The 0.7.1 release only ships the static account-key path.  These flows
will land in 0.7.2 as additive config fields (no breaking changes):

- **SAS token** (`sas_token_env`) — pre-signed URLs, time-limited scope.
- **Service principal** (`tenant_id`, `client_id`, `client_secret_env`) — for unattended automation.
- **Managed identity** — for rivet running inside Azure VMs / AKS / Functions.
- **Connection string** (`connection_string_env`) — the all-in-one
  `DefaultEndpointsProtocol=https;AccountName=…;AccountKey=…` blob.

Until those land, the bridge from any of the above to rivet is: extract
the `AccountKey` value into an env var and use Path A.

---

## S3-compatible storage (MinIO, R2, etc.)

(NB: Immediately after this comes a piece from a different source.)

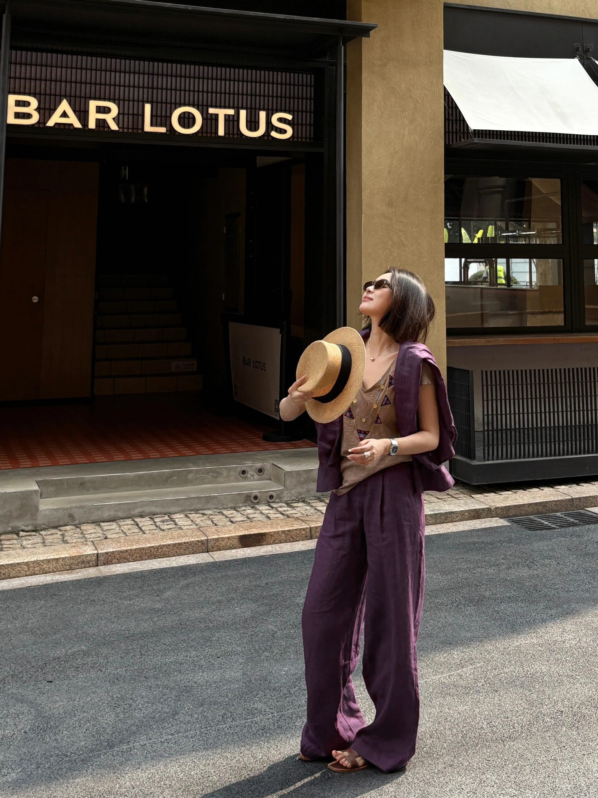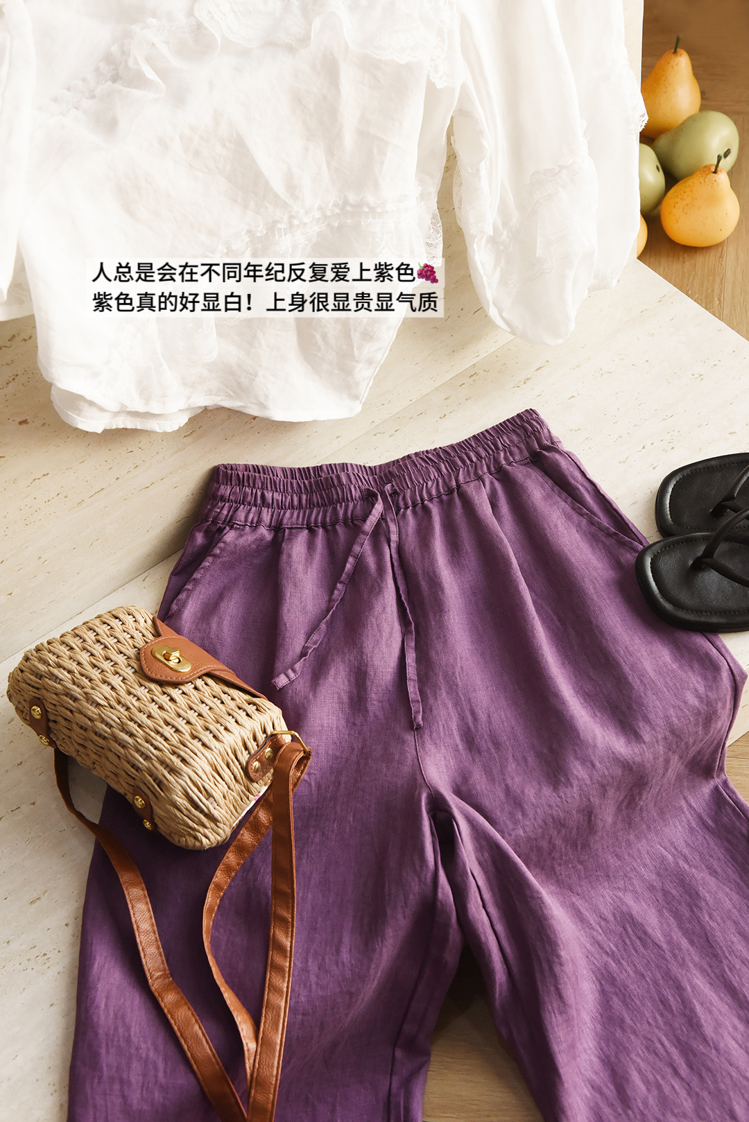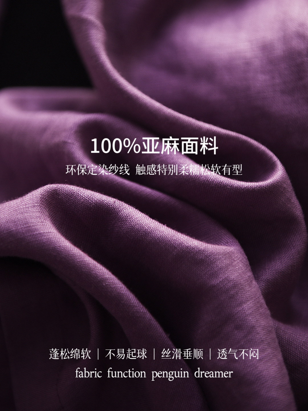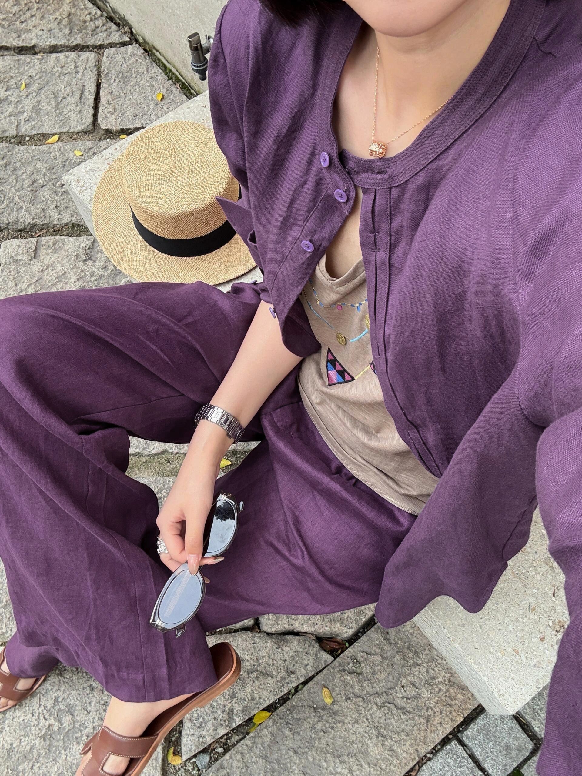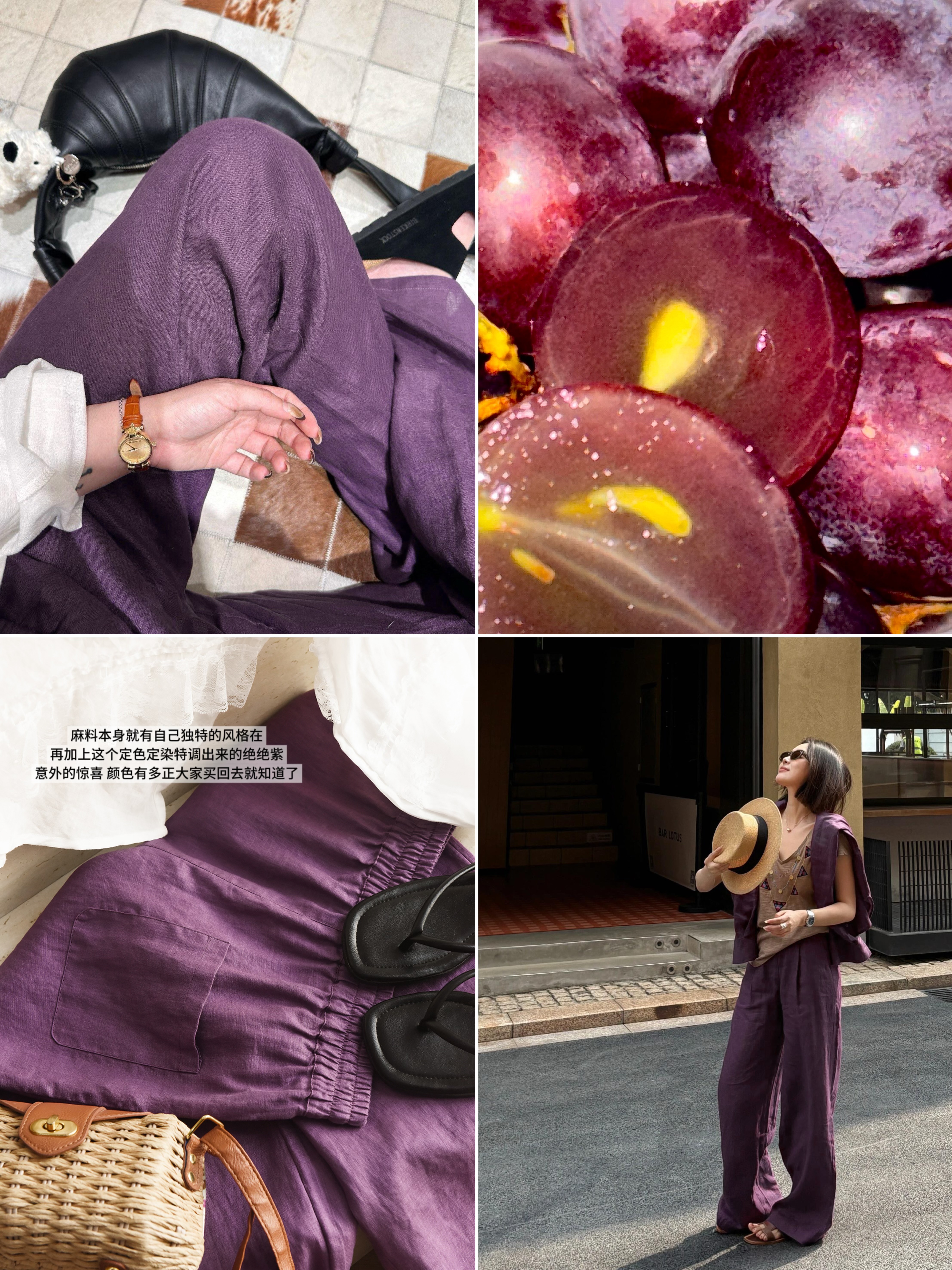 100%纯进口比利时亚麻✔纱线织面更紧实,触感更细腻没有扎感。独有的植物染葡萄紫~上身白三度!舒适浑然天成的高级感,巨显贵显气质!
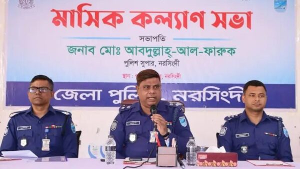 মোঃ মোবারক হোসেন নাদিমস্টাফ রিপোর্টার নরসিংদী পুলিশ লাইন্সে জেলা পুলিশ, নরসিংদীর মাসিক কল্যাণ সভা অনুষ্ঠিত হয়। সভায় সভাপতিত্ব করেন নরসিংদী জেলার সম্মানিত পুলিশ সুপার জনাব মোঃ আবদুল্লাহ্-আল-ফারুক। সভায় বিভিন্ন পদবীর

Same as AWS Path A above + an explicit `endpoint:` URL.  Static keys
only — STS / temporary credentials are an AWS-specific concept.

```yaml
destination:
  type: s3
  bucket: rivet-test
  endpoint: http://localhost:9000
  region: us-east-1
  access_key_env: MINIO_ACCESS_KEY
  secret_key_env: MINIO_SECRET_KEY
```

Cloudflare R2, Wasabi, Backblaze B2 etc. follow the same shape — the
S3-compatible API gives them all the same authentication path.

---

## Troubleshooting

| Symptom | Likely cause |
|---|---|
| `loading credential to sign http request, source: error sending request for url (http://169.254.169.254/...)` then timeout | IMDS fallback — credentials never resolved.  See above sections. |
| `InvalidAccessKeyId` / `SignatureDoesNotMatch` | Static key + session-token mismatch.  If your `access_key_id` starts with `ASIA…`, you MUST pass `session_token_env` too. |
| `403 Forbidden` on PutObject | Region mismatch (key for one region used against another) or insufficient IAM permission (need `s3:PutObject`, `s3:GetObject`, `s3:DeleteObject`, `s3:ListBucket` for the bucket / prefix). |
| `connection refused` to `localhost:9000` | MinIO not running.  `docker compose up -d minio` from the repo root. |
| GCS auth works in `gcloud` but rivet hangs | Likely ADC has expired.  Re-run `gcloud auth application-default login`. |
| Azure: `AuthenticationFailed: Server failed to authenticate the request` | `account_key_env` points to a stale/rotated key, or `account_name` doesn't match the key.  Refresh from the Azure portal. |
| Azure: `connection refused` to `127.0.0.1:10000` | Azurite emulator not running.  `azurite --location /tmp/azurite &` or `docker run -p 10000:10000 mcr.microsoft.com/azure-storage/azurite`. |

---

## Recommended setups by use case

- **Local dev → MinIO**: Path A static keys, `endpoint: http://localhost:9000`.
- **Local dev → real AWS S3**: Path B (export creds via `aws configure export-credentials …`).
- **CI / GitHub Actions → real AWS S3**: Path B with OIDC-issued temporary creds (set the env vars from the GitHub `aws-actions/configure-aws-credentials` step output).
- **Production / Airflow / Dagster → S3**: Path A with a dedicated IAM user, key rotation handled by your secret store.
- **Local dev → real GCS**: Path A with `gcloud auth application-default login`.
- **Production → GCS**: Path B with a service account JSON.
- **Local dev → Azurite**: Azure Path B (`allow_anonymous: true`, `endpoint: http://127.0.0.1:10000/devstoreaccount1`).
- **Production → Azure Blob Storage**: Azure Path A with `account_key_env` sourced from your secret store (Key Vault, doppler, sops, etc.).  SAS / Service Principal flows land in 0.7.2.